If you work with your own dataset in an existing Milvus instance, you can move forward to the next step.

  1. Connect to the Milvus server. See Manage Connection for more instruction.
from pymilvus import connections
connections.connect("default", host='localhost', port='19530')
const { MilvusClient } =require("@zilliz/milvus2-sdk-node");
const milvusClient = new MilvusClient("localhost:19530");
connect -h localhost -p 19530 -a default
  1. Create a collection. See Create a Collection for more instruction.
schema = CollectionSchema([
    		FieldSchema("book_id", DataType.INT64, is_primary=True),
			FieldSchema("word_count", DataType.INT64),
    		FieldSchema("book_intro", dtype=DataType.FLOAT_VECTOR, dim=2)
		])
collection = Collection("book", schema, using='default', shards_num=2)
const params = {
  collection_name: "book",
  fields: [
    {
      name: "book_intro",
      description: "",
      data_type: 101,  // DataType.FloatVector
      type_params: {
        dim: "2",
      },
    },
	{
      name: "book_id",
      data_type: 5,   //DataType.Int64
      is_primary_key: true,
      description: "",
    },
    {
      name: "word_count",
      data_type: 5,    //DataType.Int64
      description: "",
    },
  ],
};
await milvusClient.collectionManager.createCollection(params);
create collection -c book -f book_intro:FLOAT_VECTOR:2 -f book_id:INT64 book_id -f word_count:INT64 word_count -p book_id
  1. Insert data into the collection (Milvus CLI example uses a pre-built, remote CSV file containing similar data). See Insert Data for more instruction.
import random
data = [
    		[i for i in range(2000)],
			[i for i in range(10000, 12000)],
    		[[random.random() for _ in range(2)] for _ in range(2000)],
		]
collection.insert(data)
const data = Array.from({ length: 2000 }, (v,k) => ({
  "book_intro": Array.from({ length: 2 }, () => Math.random()),
  "book_id": k,
  "word_count": k+10000,
}));
await milvusClient.dataManager.insert({
  collection_name: "book",
  fields_data: entities,
});
import -c book 'https://raw.githubusercontent.com/milvus-io/milvus_cli/main/examples/user_guide/search.csv'
  1. Create an index for the vector field. See Build Index for more instruction.
index_params = {
        "metric_type":"L2",
        "index_type":"IVF_FLAT",
        "params":{"nlist":1024}
    }
collection.create_index("book_intro", index_params=index_params)
const index_params = {
  metric_type: "L2",
  index_type: "IVF_FLAT",
  params: JSON.stringify({ nlist: 1024 }),
};
await milvusClient.indexManager.createIndex({
  collection_name: "book",
  field_name: "book_intro",
  extra_params: index_params,
});
create index

Collection name (book): book

The name of the field to create an index for (book_intro): book_intro

Index type (FLAT, IVF_FLAT, IVF_SQ8, IVF_PQ, RNSG, HNSW, ANNOY): IVF_FLAT

Index metric type (L2, IP, HAMMING, TANIMOTO): L2

Index params nlist: 1024

Timeout []:

Load collection

All CRUD operations within Milvus are executed in memory. Load the collection to memory before conducting a vector search.

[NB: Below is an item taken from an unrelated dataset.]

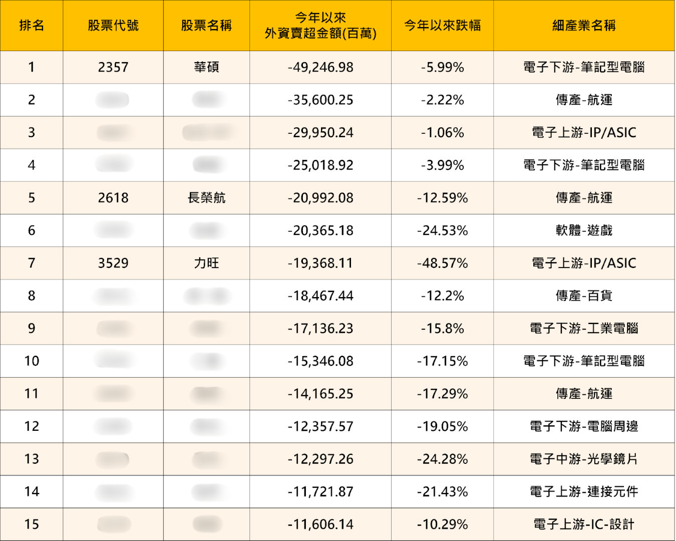 外資「賣超占股本比」TOP15

from pymilvus import Collection
collection = Collection("book")      # Get an existing collection.
collection.load()
await milvusClient.collectionManager.loadCollection({
  collection_name: "book",
});
load -c book
In current release, volume of the data to load must be under 70% of the total memory resources of all query nodes to reserve memory resources for execution engine.

By specifying the boolean expression, you can filter the scalar field of the entities during the vector search. The following example limits the scale of search to the vectors within a specified word_count value range.

search_param = {
    "data": [[0.1, 0.2]],
    "anns_field": "book_intro",
    "param": {"metric_type": "L2", "params": {"nprobe": 10}},
    "limit": 2,
    "expr": "word_count <= 11000",
}
res = collection.search(**search_param)
const results = await milvusClient.dataManager.search({
  collection_name: "book",
  expr: "word_count <= 11000",
  vectors: [[0.1, 0.2]],
  search_params: {
    anns_field: "book_intro",
    topk: "2",
    metric_type: "L2",
    params: JSON.stringify({ nprobe: 10 }),
  },
  vector_type: 101,    // DataType.FloatVector,
});
search

Collection name (book): book

The vectors of search data(the length of data is number of query (nq), the dim of every vector in data must be equal to vector field’s of collection. You can also import a csv file without headers): [[0.1, 0.2]]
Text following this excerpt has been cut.